Robots should learn new tasks from humans. But how do humans convey what they want the robot to do? Existing methods largely rely on humans physically guiding the robot arm throughout their intended task. Unfortunately — as we scale up the amount of data — physical guidance becomes prohibitively burdensome. Not only do humans need to operate robot hardware but also modify the environment (e.g., moving and resetting objects) to provide multiple task examples. In this work we propose L2D2, a sketching interface and imitation learning algorithm where humans can provide demonstrations by drawing the task. L2D2 starts with a single image of the robot arm and its workspace. Using a tablet, users draw and label trajectories on this image to illustrate how the robot should act. To collect new and diverse demonstrations, we no longer need the human to physically reset the workspace; instead, L2D2 leverages vision-language segmentation to autonomously vary object locations and generate synthetic images for the human to draw upon. We recognize that drawing trajectories is not as information-rich as physically demonstrating the task.

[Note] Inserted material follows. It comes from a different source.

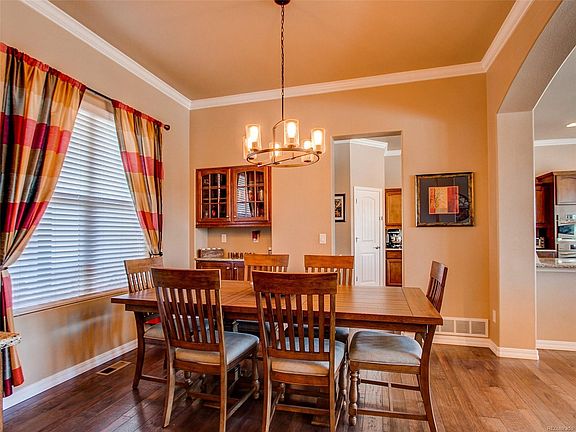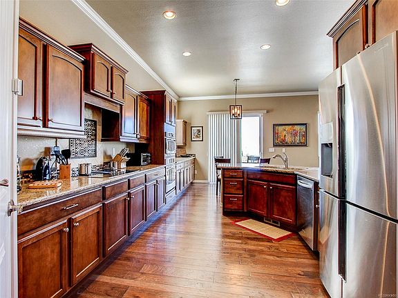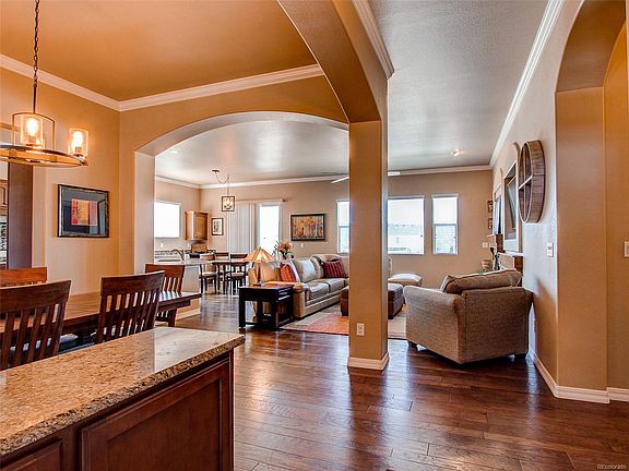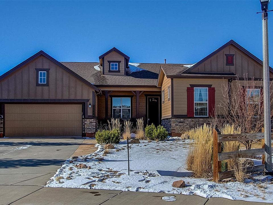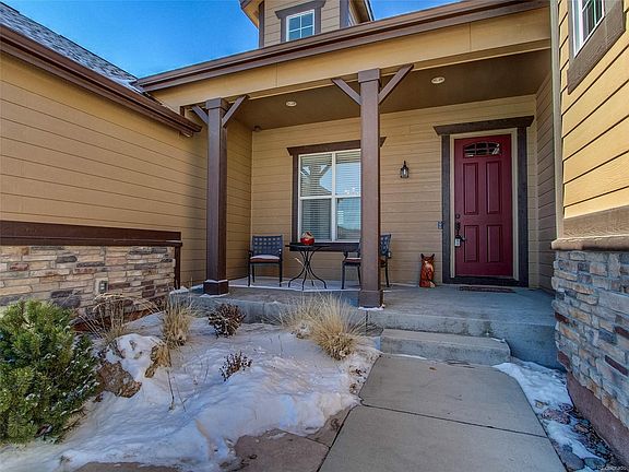 Immaculate rancher in cul-de-sac with unobstructed Pikes Peak, AFA & front range views! Step into the open main level and enjoy the new hardwood floors, upgraded light fixtures & gas fireplace with stone surround & elegant wood mantle. Kitchen has beautiful glass backsplash & feature wall behind cooktop, soft close & pull out drawers, double oven (micro/conv combo), granite slab, pantry and breakfast nook. Master bedroom has bay window ideal for sitting area and adjoining bath with Quartz counters, luxurious soaking tub and walk-in closet. The extra-large 2nd bedroom on main level provides plenty of space for bedroom and playroom. Enormous family room in basement is perfect for entertaining with wet bar with mini fridge, surround sound, large windows. Also on lower level is den with hardwood floors & French doors, junior master bedroom with ensuite bathroom and additional bedroom and bath.

Drawings are 2-dimensional and do not capture how the robot’s actions affect its environment. To address these fundamental challenges the next stage of L2D2 grounds the human’s static, 2D drawings in our dynamic, 3D world by leveraging a small set of physical demonstrations. Our experiments and user study suggest that L2D2 enables humans to provide more demonstrations with less time and effort than traditional approaches, and users prefer drawings over physical manipulation. When compared to other drawing-based approaches, we find that L2D2 learns more performant robot policies, requires a smaller dataset, and can generalize to longer-horizon tasks. See our project website: https://collab.me.vt.edu/L2D2/

查看原文本刊更多论文

L2D2：机器人从2D图纸中学习

机器人应该向人类学习新任务。但是人类如何传达他们想让机器人做的事情呢？现有的方法在很大程度上依赖于人类在完成预定任务时对机器人手臂的物理指导。不幸的是，随着数据量的增加，物理指导变得非常繁重。人类不仅需要操作机器人硬件，还需要修改环境（例如移动和重置物体）来提供多个任务示例。在这项工作中，我们提出了L2D2，一个素描界面和模仿学习算法，人类可以通过绘制任务来提供演示。L2D2从机器人手臂及其工作空间的单一图像开始。使用平板电脑，用户在图像上绘制并标记轨迹，以说明机器人应该如何行动。为了收集新的和多样化的演示，我们不再需要人类物理地重置工作空间；相反，L2D2利用视觉语言分割来自主改变物体位置，并生成供人类使用的合成图像。我们认识到，绘制轨迹并不像实际演示任务那样信息丰富。图纸是二维的，不能捕捉机器人的动作如何影响其环境。为了解决这些根本性的挑战，L2D2的下一阶段通过利用一小部分物理演示，将人类静态的2D绘图置于动态的3D世界中。我们的实验和用户研究表明，与传统方法相比，L2D2使人类能够以更少的时间和精力提供更多的演示，并且用户更喜欢绘图而不是物理操作。与其他基于绘图的方法相比，我们发现L2D2学习了更高性能的机器人策略，需要更小的数据集，并且可以推广到更长期的任务。请参阅我们的项目网站：https://collab.me.vt.edu/L2D2/

本文章由计算机程序翻译，如有差异，请以英文原文为准。

求助全文

约1分钟内获得全文求助全文

来源期刊

Autonomous Robots 工程技术-机器人学

CiteScore

7.90

自引率

5.70%

发文量

审稿时长

3 months

期刊介绍： Autonomous Robots reports on the theory and applications of robotic systems capable of some degree of self-sufficiency. It features papers that include performance data on actual robots in the real world. Coverage includes: control of autonomous robots · real-time vision · autonomous wheeled and tracked vehicles · legged vehicles · computational architectures for autonomous systems · distributed architectures for learning, control and adaptation · studies of autonomous robot systems · sensor fusion · theory of autonomous systems · terrain mapping and recognition · self-calibration and self-repair for robots · self-reproducing intelligent structures · genetic algorithms as models for robot development. The focus is on the ability to move and be self-sufficient, not on whether the system is an imitation of biology. Of course, biological models for robotic systems are of major interest to the journal since living systems are prototypes for autonomous behavior.